- About this exercise -
Once the pictures are set aside, transcribe the remaining data exactly.

Items from a data source
"""
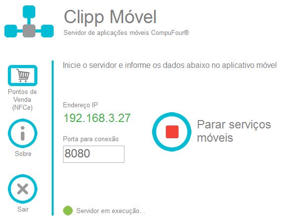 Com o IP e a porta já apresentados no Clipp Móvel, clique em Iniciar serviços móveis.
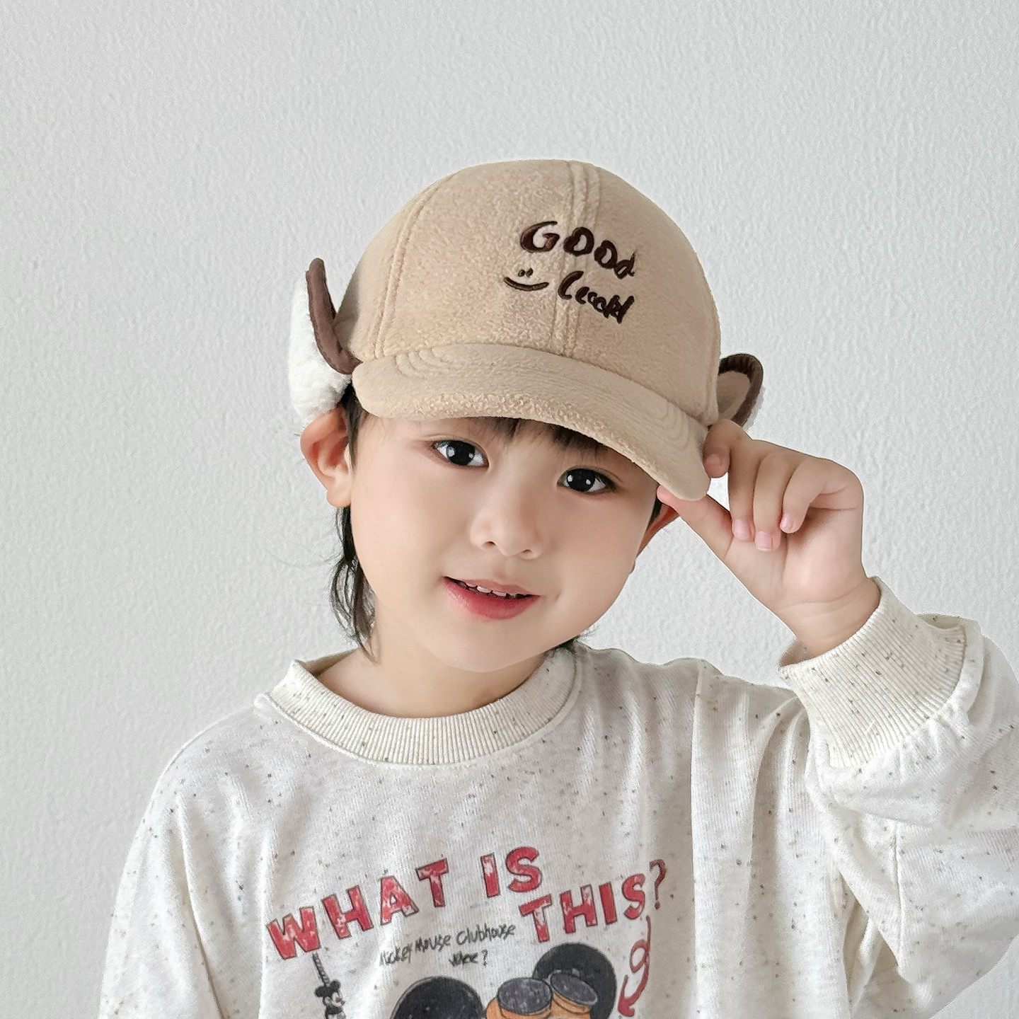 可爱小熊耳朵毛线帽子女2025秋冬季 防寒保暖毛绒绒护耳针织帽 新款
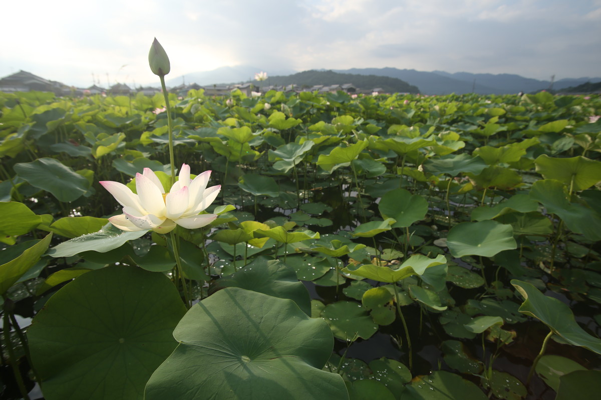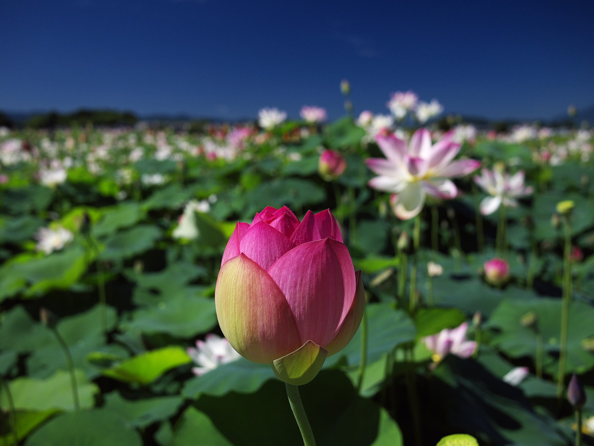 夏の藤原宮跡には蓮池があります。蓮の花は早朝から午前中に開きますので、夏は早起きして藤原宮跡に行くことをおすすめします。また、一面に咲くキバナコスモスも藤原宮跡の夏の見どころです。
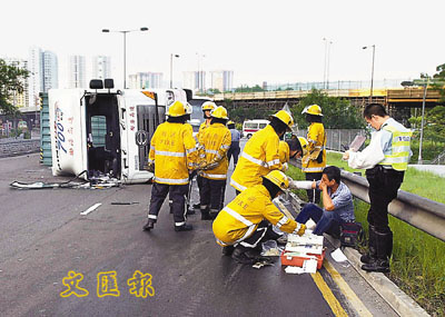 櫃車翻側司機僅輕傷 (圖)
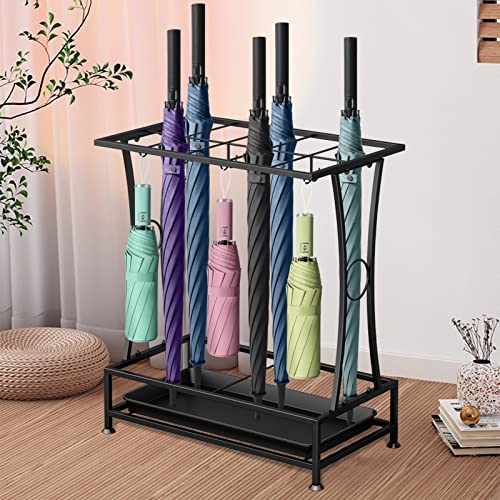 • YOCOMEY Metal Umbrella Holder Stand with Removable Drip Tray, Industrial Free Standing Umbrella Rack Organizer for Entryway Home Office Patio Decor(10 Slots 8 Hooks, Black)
"""
- Answer space -
 Com o IP e a porta já apresentados no Clipp Móvel, clique em Iniciar serviços móveis.
 可爱小熊耳朵毛线帽子女2025秋冬季 防寒保暖毛绒绒护耳针织帽 新款
 夏の藤原宮跡には蓮池があります。蓮の花は早朝から午前中に開きますので、夏は早起きして藤原宮跡に行くことをおすすめします。また、一面に咲くキバナコスモスも藤原宮跡の夏の見どころです。
 櫃車翻側司機僅輕傷 (圖)
 • YOCOMEY Metal Umbrella Holder Stand with Removable Drip Tray, Industrial Free Standing Umbrella Rack Organizer for Entryway Home Office Patio Decor(10 Slots 8 Hooks, Black)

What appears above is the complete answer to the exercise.